This model, by inputting the symptom data, will identify patterns and correlatively
make inferences about possible conditions the patient may be having. Such a
predictive system could advance the work being done by service providers in
healthcare by providing preliminary diagnoses from faster and potentially more
accurate avenues to more personalized and timely medical interventions.
Step 1: Loading and Data Preparation
Under the first step, the dataset loads into a named structure called Data Frame, which
can take advantage of their binary data for examination and manipulation. A row can
imply an individual case or patient while having one column for symptoms and
another for diseases. Often in such a binary data set, each symptom or disease is
encoded as either 0 (absent) or 1 (present). A quick loading check ensures that there
are no missing or inconsistent data value entries and checks the data types. Since it is
a binary dataset, we look particularly for anomalies that would impact the
interpretability of the model created out of this, such as missing data points.
Preprocessing encompasses handling null values, deleting irrelevant records, and
getting categorical variables to be in the right format, although the binary format
minimizes the need for extensive encoding. That will lead to a foundational step in
presenting clean, well-formatted data very essential for model training.

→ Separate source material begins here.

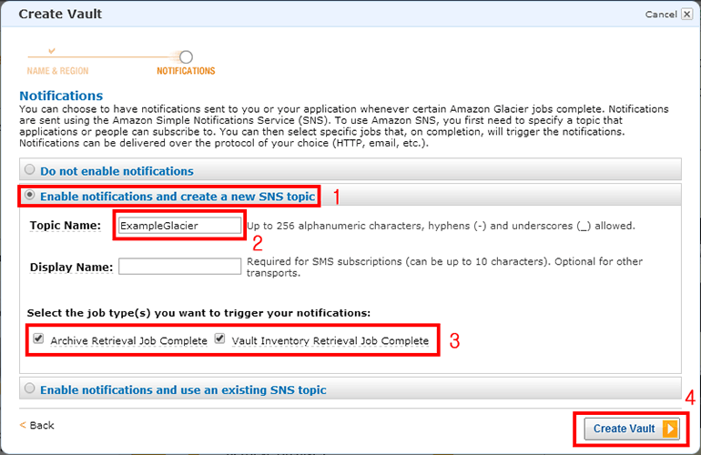 - Vault Inventory Retrieval Job Complete: 볼트 인벤토리 갱신 작업(아카이브 목록을 가져오는 작업)이 완료되었을 때 알림을 보냅니다.
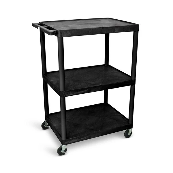 The Luxor 48"H AV Cart offers three large shelves with ample clearance for storing and transporting up to 400 lbs. of AV equipment and more. All three shelves offer a .25" retaining lip to secure items in place and are made of molded plastic that won't scratch dent rust or stain. This mobile cart also

Step 2: Exploratory Data Analysis
Using a preprocessed dataset, EDA enables understanding patterns in symptom-
disease relationships. Visualizations like heatmaps and bar charts can be very useful at
this point, showing how the prevalence of certain symptoms cuts across multiple
diseases. A heatmap of the correlation of symptoms to diseases might show which
symptoms most align with which diseases. Then, a simple bar chart would display the
frequency of each symptom across the dataset, facilitating, for example, the
determination of common or rare symptoms particularly associated with specific
diseases. Analyzing interrelations of symptoms may present clusters of symptoms that
frequently co-occur and thereby serve as possible predictors for specific conditions.
14
Step 3: Feature Selection and Engineering
Using insight from EDA, we further refine the dataset by selecting informative
symptoms to best describe and streamline the model for every condition. For instance,
if symptoms are always correlated with some diseases, we retain the features. This
promotes model relevance as well as increases the accuracy of the model. Here again,
feature engineering might comprise agglomeration of similar symptoms or creating
new binary variables based on symptom combinations to capture more complex
patterns. Binary features do not need scaling however any grouping or if it has to be
created then creating a binary interaction, if it needs to be done, is taken care of. This
will ensure that the dataset used to train is clear in its focus with targeted predictive
symptom
Step 4: Model Selection and Training
Now we have our dataset all streamlined, for this classification model, a multi-class,
binary symptom setup is chosen. Such data can be handled highly efficiently by
algorithms such as Logistic Regression, Random Forest, and even Support Decision
Tree. In case of binary data, the Random Forest goes well ahead of the rest because it
removes overfitting and depends on multiple decision trees for increasing predictivity.
At the time of training, the model learns which combinations of symptoms predict
specific diseases, allowing it to successfully generalize those patterns to new data.
Step 5: Model Evaluation
Finally, we evaluate the performance of the model on the test set. Some of the key
metrics for multi-disease prediction are accuracy, precision, recall, and scores
indicating how good the model is at classifying each disease based on the presence of
a symptom. Precision and recall become particularly relevant in cases of imbalanced
disease representation to better assess how well the model finds fewer common
diseases. If performance is not up to some acceptable level, adjustments are made to
the structure or hyperparameters of the model to improve outcomes. The final stage
then tests the robustness of this model and its capability for disease prediction based
on symptoms within practical application scenario
15
Hardware and Software Used
Hardware Requirements:
Computer/Laptop Laptop
Processor Intel i5 Processor
RAM 16 GB
Software Requirements:
Tools Python (Jupyter Notebook)
Libraries 1. Pandas,
2. NumPy
3. Scikit-learn
4. Matplotlib
5. Seaborn
16
Result & Discussion
Frequency Distribution of Diseases
The plot shows the frequency distribution of diseases in the dataset. The massive
majority of diseases appear only a few times, while the bar at 10 represents one
disease frequency, which has 677 occurrences. Each bar is accordingly labeled with
the accurate count. The imbalance is strong, as a few diseases are very frequent while
most are rare. This might be having an effect on the performance of the model since it
might bias the common diseases.
17
Symptom prevalence
The plot shows the top 50 symptoms by prevalence, with "sharp abdominal pain"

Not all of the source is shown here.